Problem statement —
Leave out all pictures while you copy the lines exactly from the one with "- 일자리의 내용은 기본적으로" through the last line of the listing.

Material provided —
□ □ □ □ □

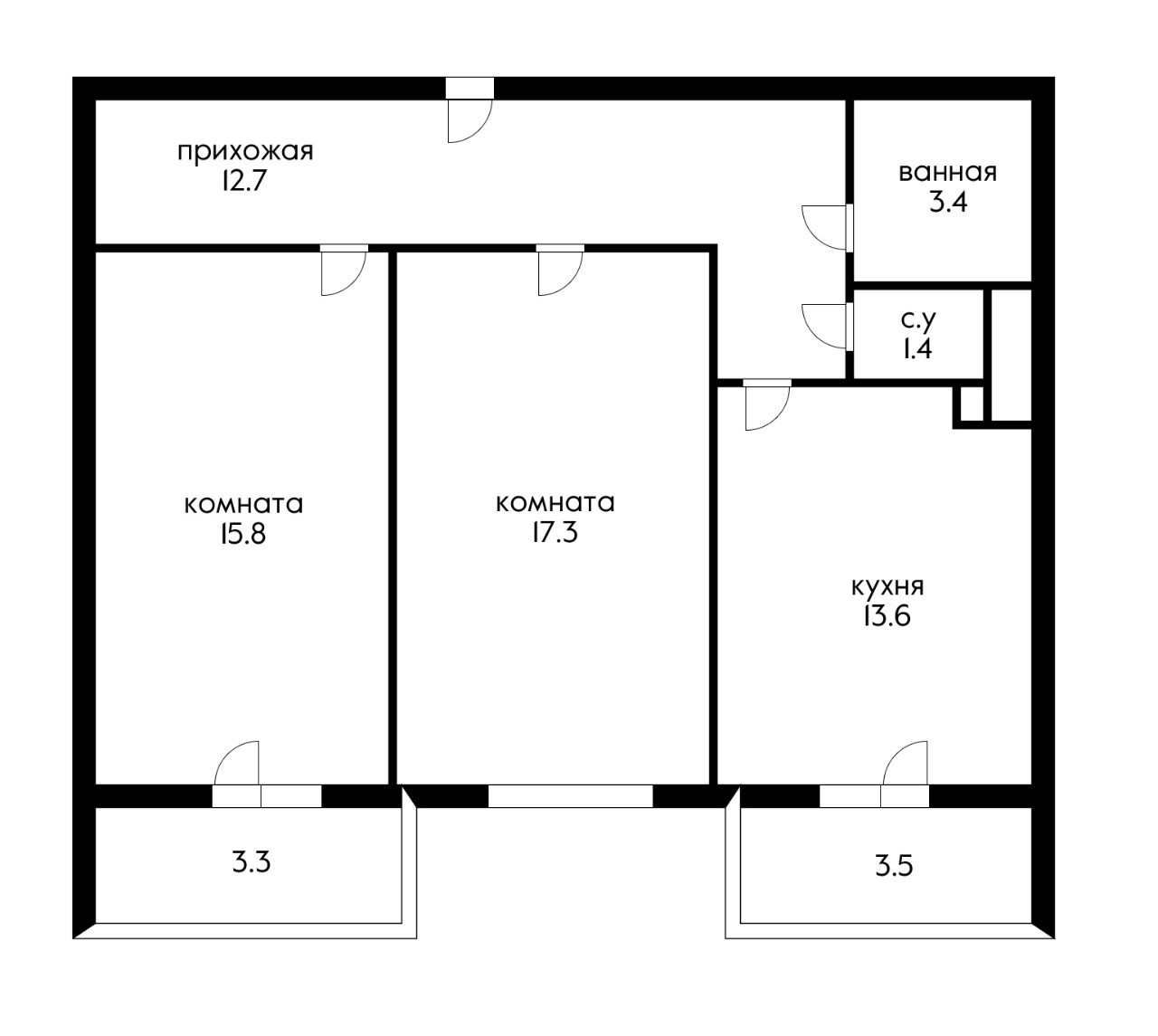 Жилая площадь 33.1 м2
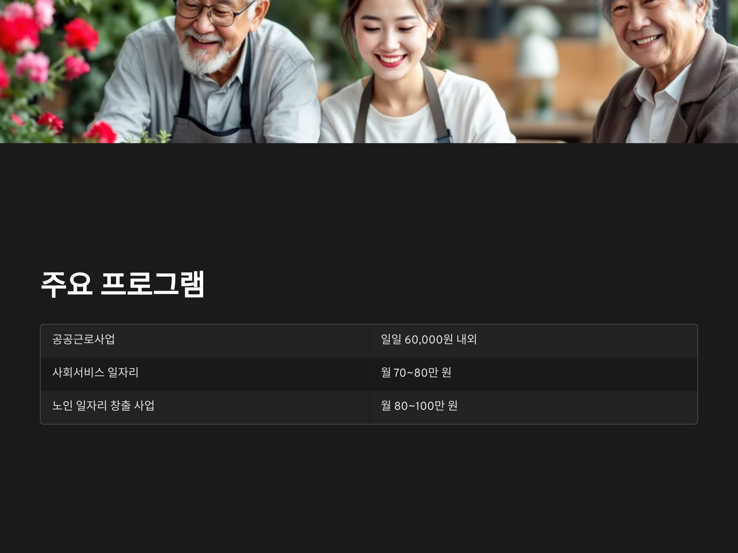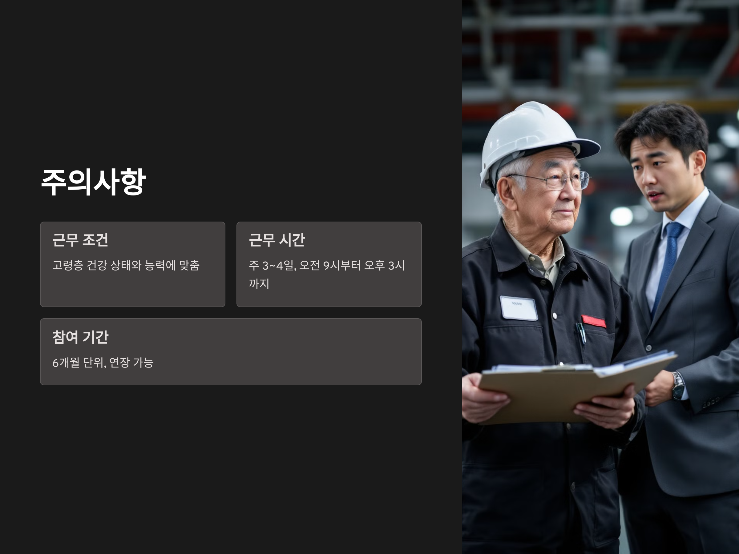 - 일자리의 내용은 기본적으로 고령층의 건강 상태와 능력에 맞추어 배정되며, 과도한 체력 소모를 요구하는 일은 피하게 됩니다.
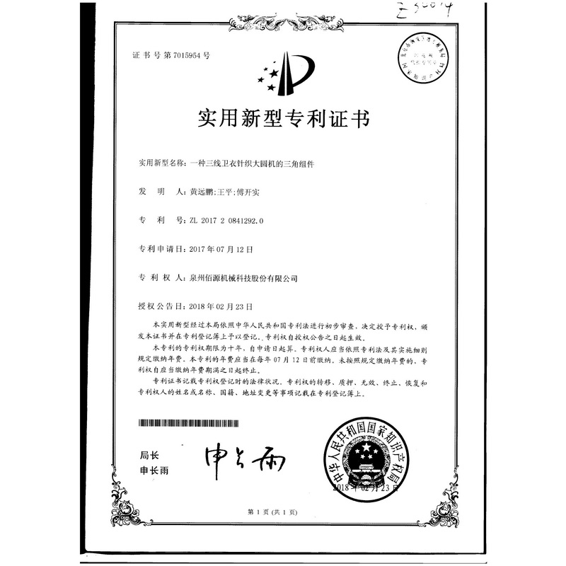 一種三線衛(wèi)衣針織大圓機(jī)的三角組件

□ □ □ □ □

Written answer —
 - 일자리의 내용은 기본적으로 고령층의 건강 상태와 능력에 맞추어 배정되며, 과도한 체력 소모를 요구하는 일은 피하게 됩니다.
 一種三線衛(wèi)衣針織大圓機(jī)的三角組件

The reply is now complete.